Cui Xinyue, Xia Yuhao, Hou Minghua, Zhao Xuanfeng, Wang Suhui, Zhang Guijun
College of Information Engineering, Zhejiang University of Technology, Hangzhou, 310023, China.
BMC Bioinformatics. 2025 May 5;26(1):120. doi: 10.1186/s12859-025-06131-2.
Association and cooperation among structural domains play an important role in protein function and drug design. Despite remarkable advancements in highly accurate single-domain protein structure prediction through the collaborative efforts of the community using deep learning, challenges still exist in predicting multi-domain protein structures when the evolutionary signal for a given domain pair is weak or the protein structure is large.
To alleviate the above challenges, we proposed M-DeepAssembly, a protocol based on multi-objective protein conformation sampling algorithm for multi-domain protein structure prediction. Firstly, the inter-domain interactions and full-length sequence distance features are extracted through DeepAssembly and AlphaFold2, respectively. Secondly, subject to these features, we constructed a multi-objective energy model and designed a sampling algorithm for exploring and exploiting conformational space to generate ensembles. Finally, the output protein structure was selected from the ensembles using our in-house developed model quality assessment algorithm. On the test set of 164 multi-domain proteins, the results show that the average TM-score of M-DeepAssembly is 15.4% and 2.0% higher than AlphaFold2 and DeepAssembly, respectively. It is worth noting that there are models with higher accuracy in ensembles, achieving an improvement of 20.3% and 6.4% relative to the two baseline methods, although these models were not selected. Furthermore, when compared to the prediction results of AlphaFold2 for CASP15 multi-domain targets, M-DeepAssembly demonstrates certain performance advantages.
M-DeepAssembly provides a distinctive multi-domain protein assembly algorithm, which can alleviate the current challenges of weak evolutionary signals and large structures to some extent by forming diverse ensembles using multi-objective protein conformation sampling algorithm. The proposed method contributes to exploring the functions of multi-domain proteins, especially providing new insights into targets with multiple conformational states.
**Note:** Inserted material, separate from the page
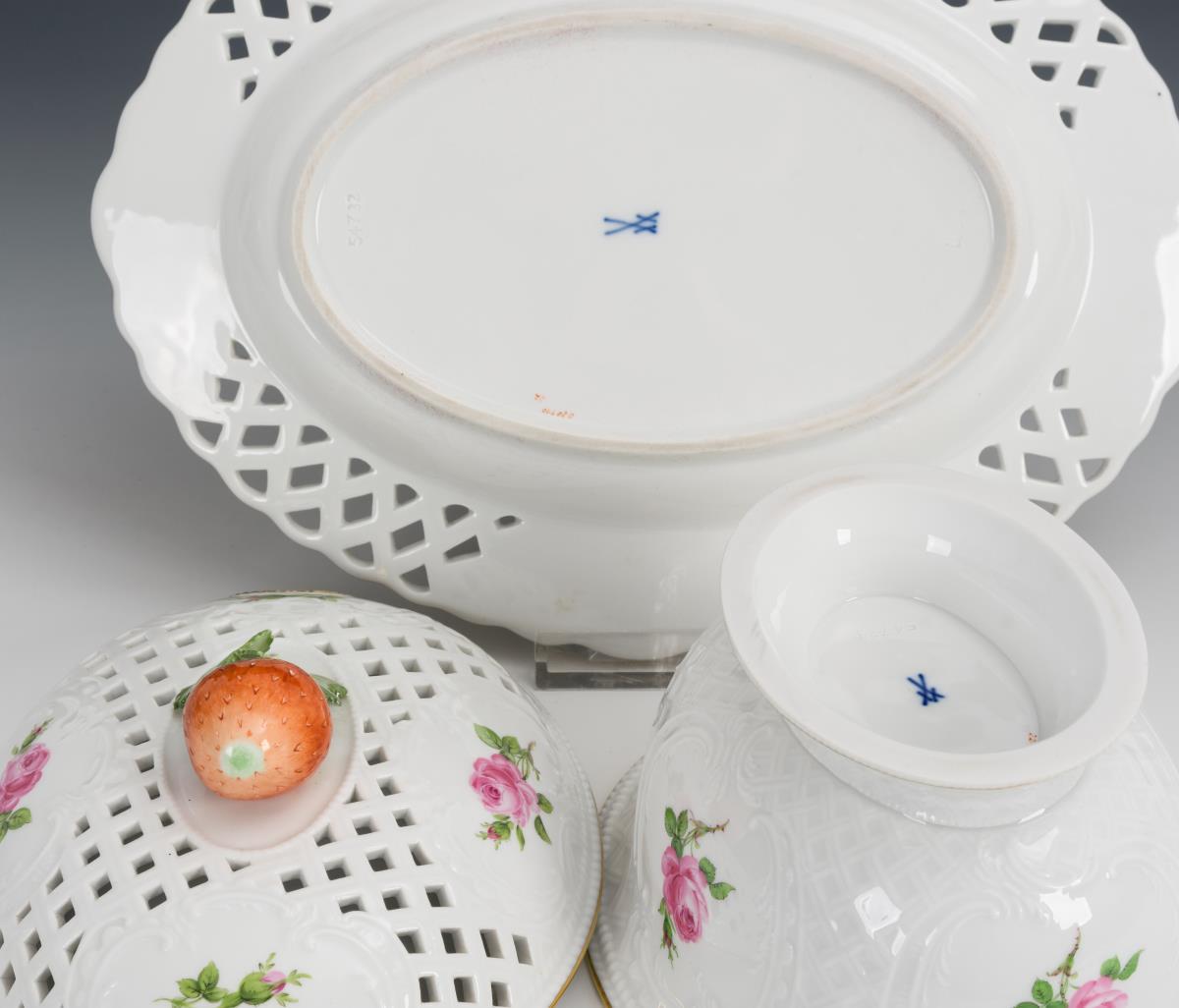 Ovale Fußschale mit Korb- und Rocaillerelief sowie durchbrochenem Deckel mit Erdbeerknauf, ovaler Durchbruchteller als Presentoir..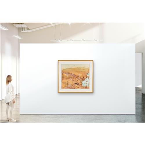 In 'Landscape with Lake Rydal', the vast ochres and golds evoke the wide-open plains surrounding Rydal in rural New South Wales, while the painterly arabesques and flecks of pigment suggest a landscape in flux, rippling with life and inscribed with memory.

结构域之间的关联与协作在蛋白质功能及药物设计中发挥着重要作用。尽管通过深度学习,社区共同努力在高精度单结构域蛋白质结构预测方面取得了显著进展,但在预测多结构域蛋白质结构时,当给定结构域对的进化信号较弱或蛋白质结构较大时,仍存在挑战。
为缓解上述挑战,我们提出了M-DeepAssembly,一种基于多目标蛋白质构象采样算法的多结构域蛋白质结构预测方案。首先,分别通过DeepAssembly和AlphaFold2提取结构域间相互作用和全长序列距离特征。其次,基于这些特征构建多目标能量模型,并设计一种采样算法来探索和利用构象空间以生成集合。最后,使用我们内部开发的模型质量评估算法从集合中选择输出蛋白质结构。在164个多结构域蛋白质的测试集上,结果表明M-DeepAssembly的平均TM分数分别比AlphaFold2和DeepAssembly高15.4%和2.0%。值得注意的是,集合中有准确率更高的模型,尽管这些模型未被选中,但相对于两种基线方法分别提高了20.3%和6.4%。此外,与AlphaFold2对CASP15多结构域靶点的预测结果相比,M-DeepAssembly表现出一定的性能优势。
M-DeepAssembly提供了一种独特的多结构域蛋白质组装算法,通过使用多目标蛋白质构象采样算法形成多样化的集合,可在一定程度上缓解当前进化信号弱和结构大的挑战。所提出的方法有助于探索多结构域蛋白质的功能,特别是为具有多种构象状态的靶点提供新的见解。